In this paper, a type of novel projection-based, time-segmented reduced order model (ROM) is proposed for dynamic fluid-structure interaction (FSI) problems based upon the arbitrary Lagrangian--Eulerian (ALE)-finite element method (FEM) in a monolithic frame, where spatially, each variable is separated from others in terms of their attribution (fluid/structure), category (velocity/pressure) and component (horizontal/vertical) while temporally, the proper orthogonal decomposition (POD) bases are constructed in some deliberately partitioned time segments tailored through extensive numerical trials. By the combination of spatial and temporal decompositions, the developed ROM approach enables prolonged simulations under prescribed accuracy thresholds. Numerical experiments are carried out to compare numerical performances of the proposed ROM with corresponding full-order model (FOM) by solving a two-dimensional FSI benchmark problem that involves a vibrating elastic beam in the fluid, where the performance of offline ROM on perturbed physical parameters in the online phase is investigated as well. Extensive numerical results demonstrate that the proposed ROM has a comparable accuracy to while much higher efficiency than the FOM. The developed ROM approach is dimension-independent and can be seamlessly extended to solve high dimensional FSI problems.

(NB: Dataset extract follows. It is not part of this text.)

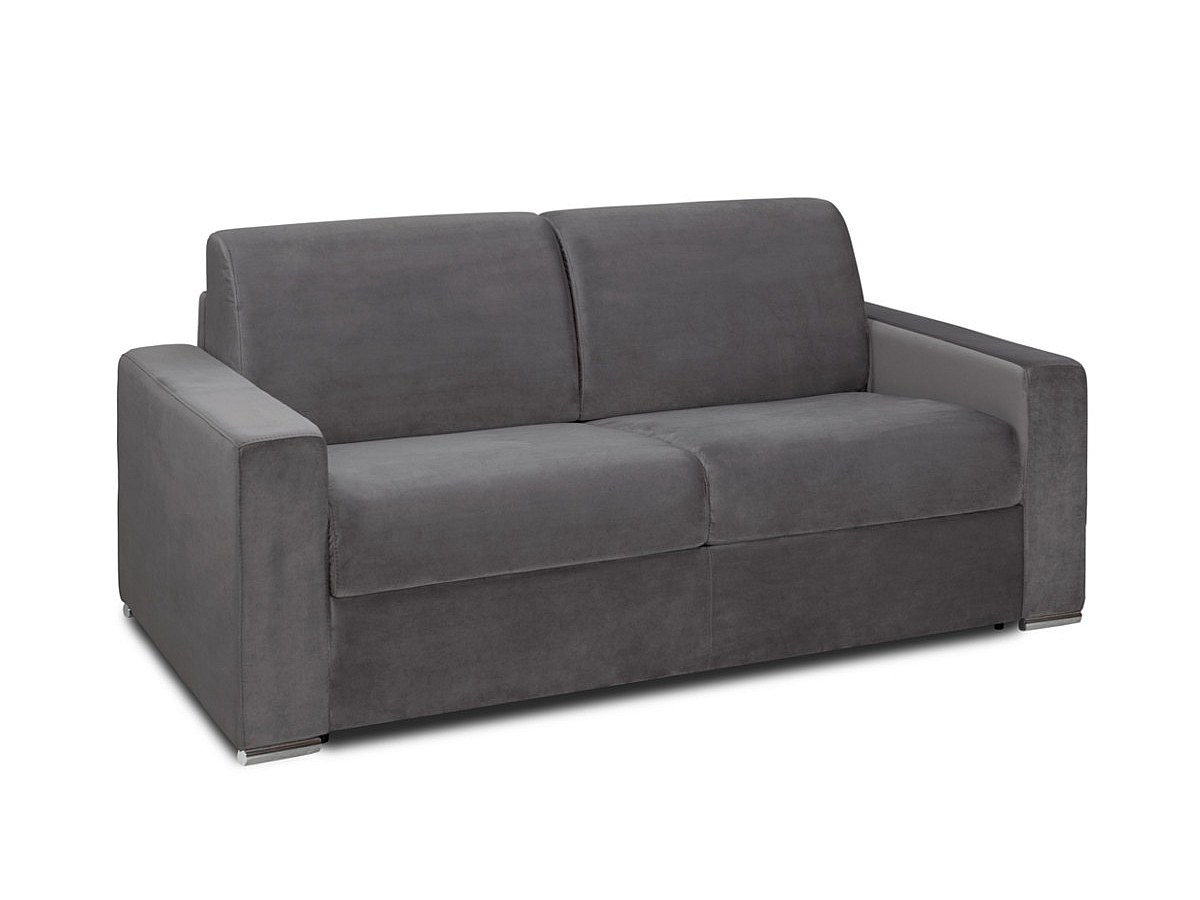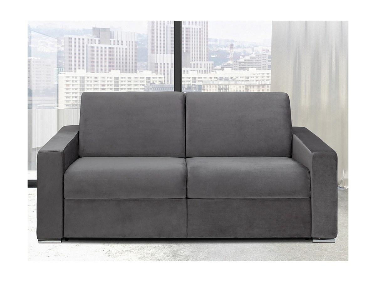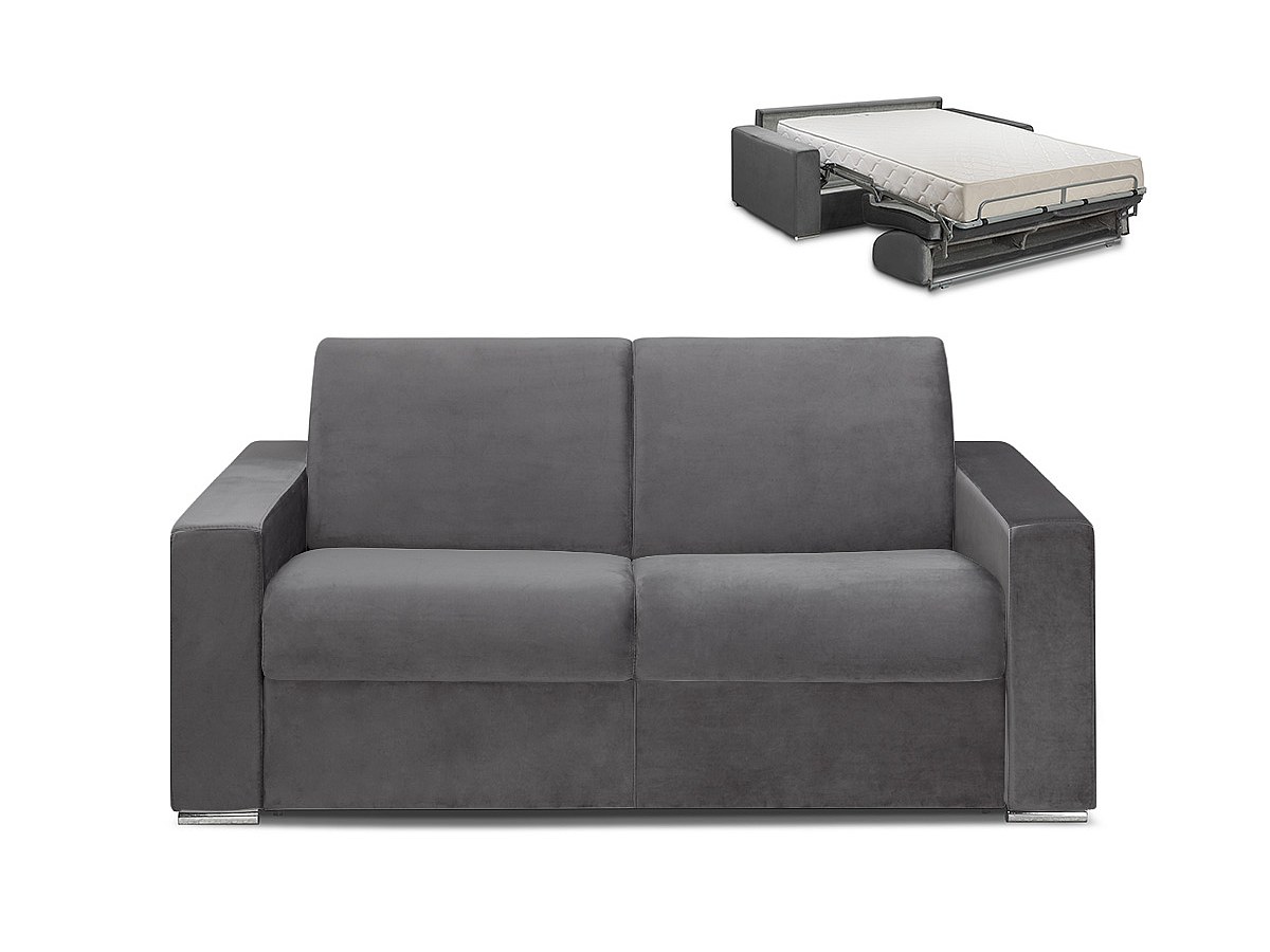 3-osobowa rozkładana sofa z weluru CALITO - Kolor antracytowy - Łóżko 140 cm - Materac 22 cm

翻译：本文针对动态流固耦合问题，基于任意拉格朗日-欧拉有限元法的整体框架，提出了一种新型的基于投影的时间分段降阶模型。在空间上，各变量根据其属性（流体/固体）、类别（速度/压力）和分量（水平/垂直）相互分离；在时间上，通过大量数值试验精心划分时段，并在这些时段内构建本征正交分解基函数。通过结合空间和时间分解，所提出的降阶模型方法能够在预设精度阈值下实现长时间仿真。通过求解一个涉及流体中弹性梁振动的二维流固耦合基准问题，开展了数值实验，以比较所提降阶模型与相应全阶模型的数值性能，同时考察了离线降阶模型在在线阶段对扰动物理参数的性能。大量数值结果表明，所提降阶模型在保持与全阶模型相当精度的同时，具有更高的计算效率。该降阶模型方法具有维度无关性，可无缝扩展至求解高维流固耦合问题。